What you should do — Drop the pictures; give again exactly the lines from the one holding "A LARGE AND" through the end of the data.

Data segment —

━━━━━━

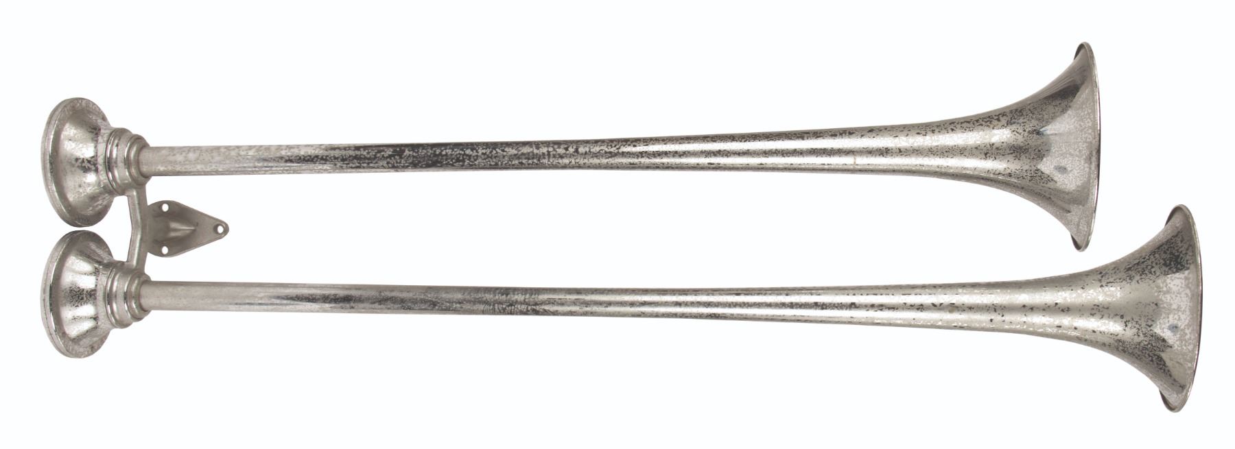 (Walt Disney World, c.1971-80s) An original dual air horn used by Walt Disney World's Mark IV Monorail Blue. The Mark IV Monorail Blue train began its service September 20, 1971, and has the distinction of being retired early to be used in creating prototypes for the Mark VI, which was introduced in 1989. This original metal air horn was created by Grover Products Co and the two horns measure 34" and 37" long. The condition is good overall, with some wear throughout from its original use as well as tarnishing throughout the metal from age.
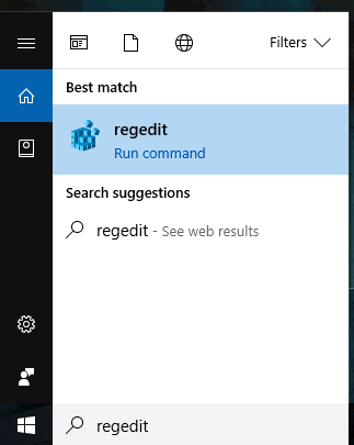 Step 1: Click on Windows 10 Search box, then enter ‘regedit‘ in that box, and start Registry Editor.
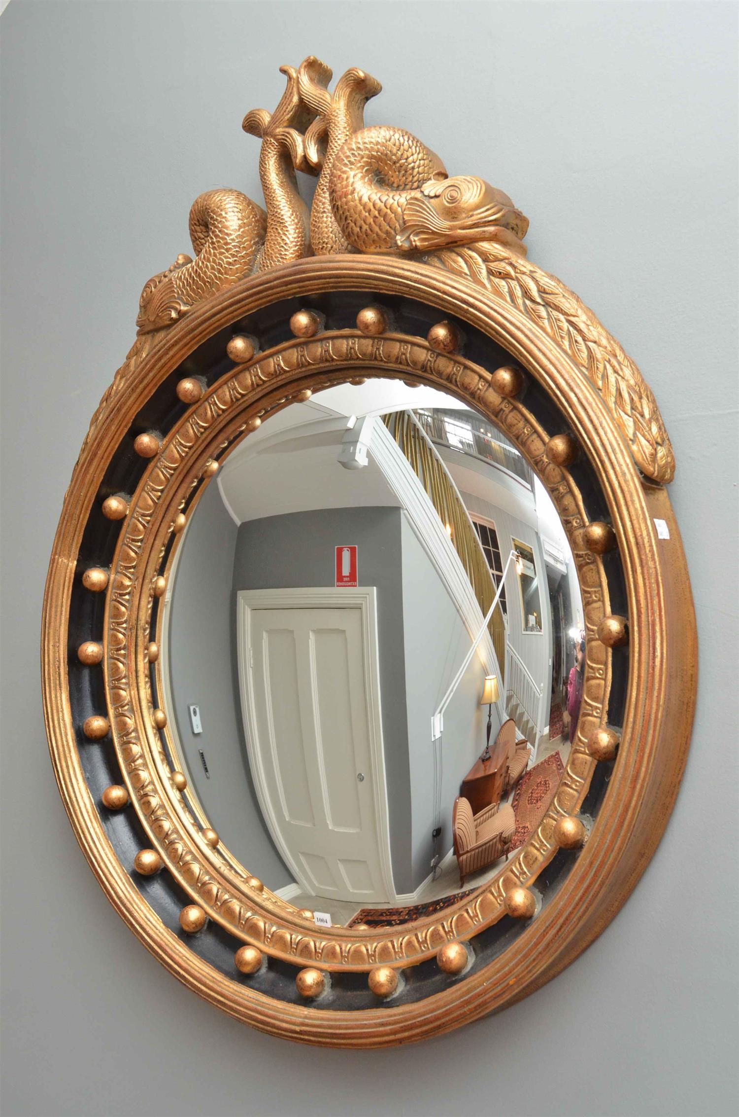 A LARGE AND IMPRESSIVE FRENCH EMPIRE STYLE GILT FRAMED CIRCULAR CONVEX MIRROR (130H X 100W CM)
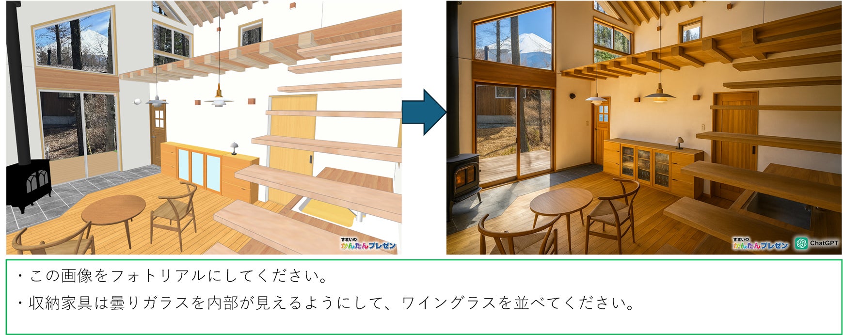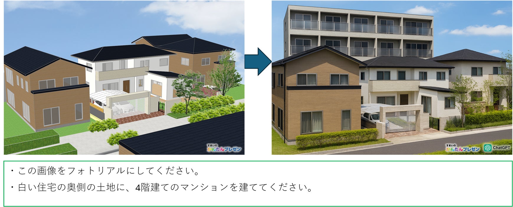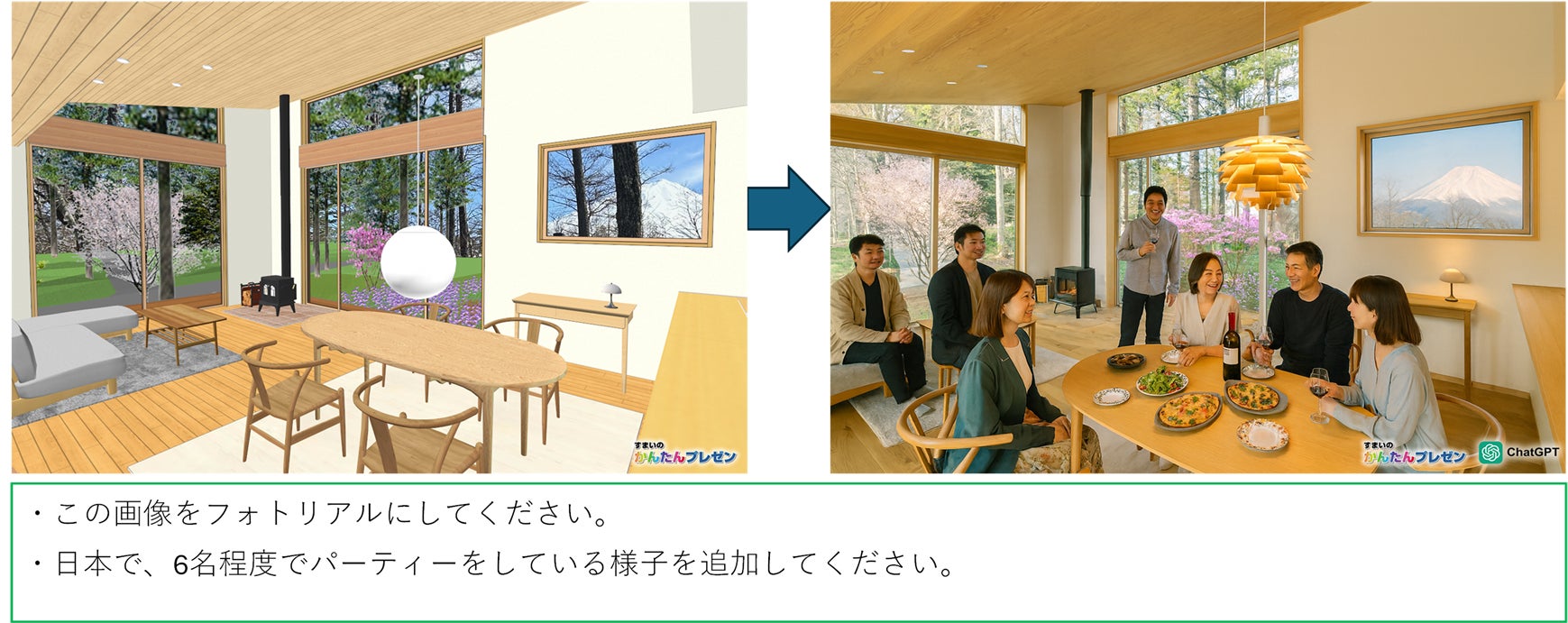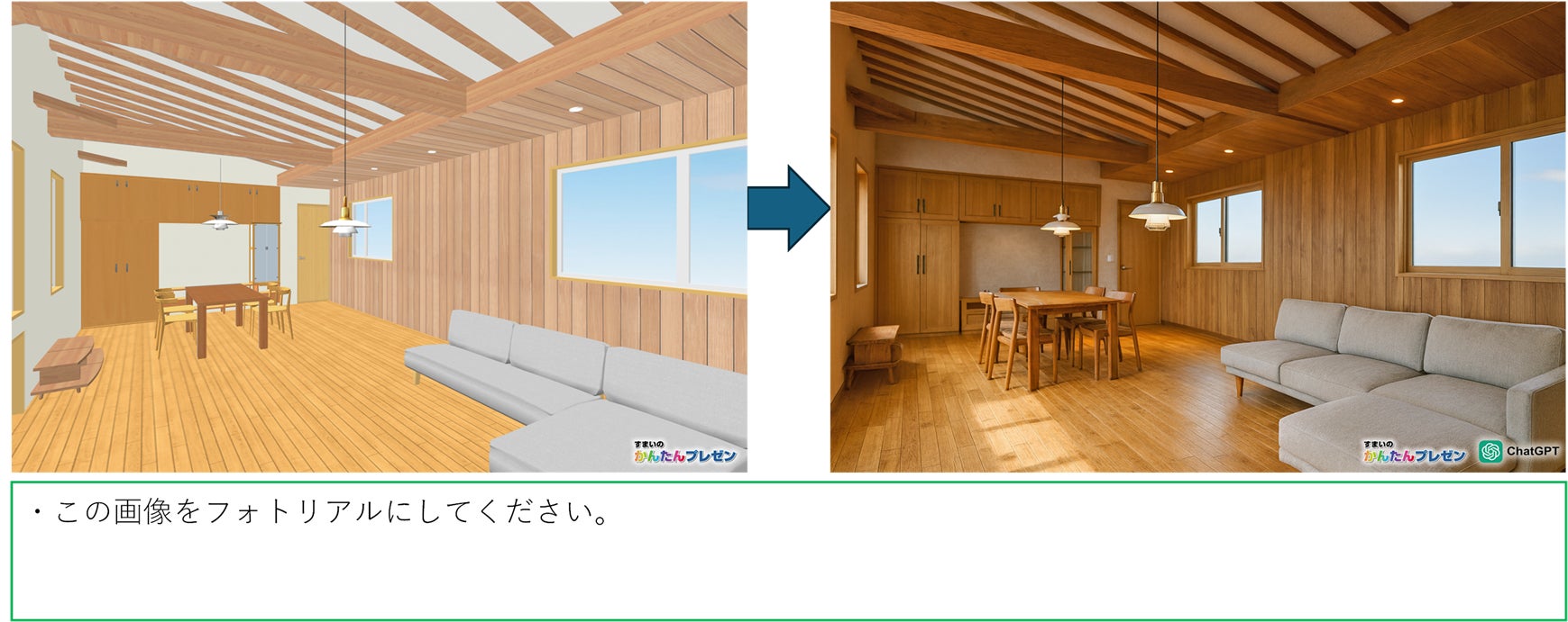 なお、本機能を利用するには、ユーザー自身において、画像生成AIサービス(ChatGPT、Geminiなど)の利用契約が必要です。しかしながら、たとえばChatGPTの個人向け有料プランである「ChatGPT Plus」を利用した場合、月額の利用料金は約3,000円(20 USD)。「すまいのかんたんプレゼン」本体価格の66,000円とあわせても、非常に安価にフォトリアルな建築パースが実現することになります。

━━━━━━

Task response —
 A LARGE AND IMPRESSIVE FRENCH EMPIRE STYLE GILT FRAMED CIRCULAR CONVEX MIRROR (130H X 100W CM)
 なお、本機能を利用するには、ユーザー自身において、画像生成AIサービス(ChatGPT、Geminiなど)の利用契約が必要です。しかしながら、たとえばChatGPTの個人向け有料プランである「ChatGPT Plus」を利用した場合、月額の利用料金は約3,000円(20 USD)。「すまいのかんたんプレゼン」本体価格の66,000円とあわせても、非常に安価にフォトリアルな建築パースが実現することになります。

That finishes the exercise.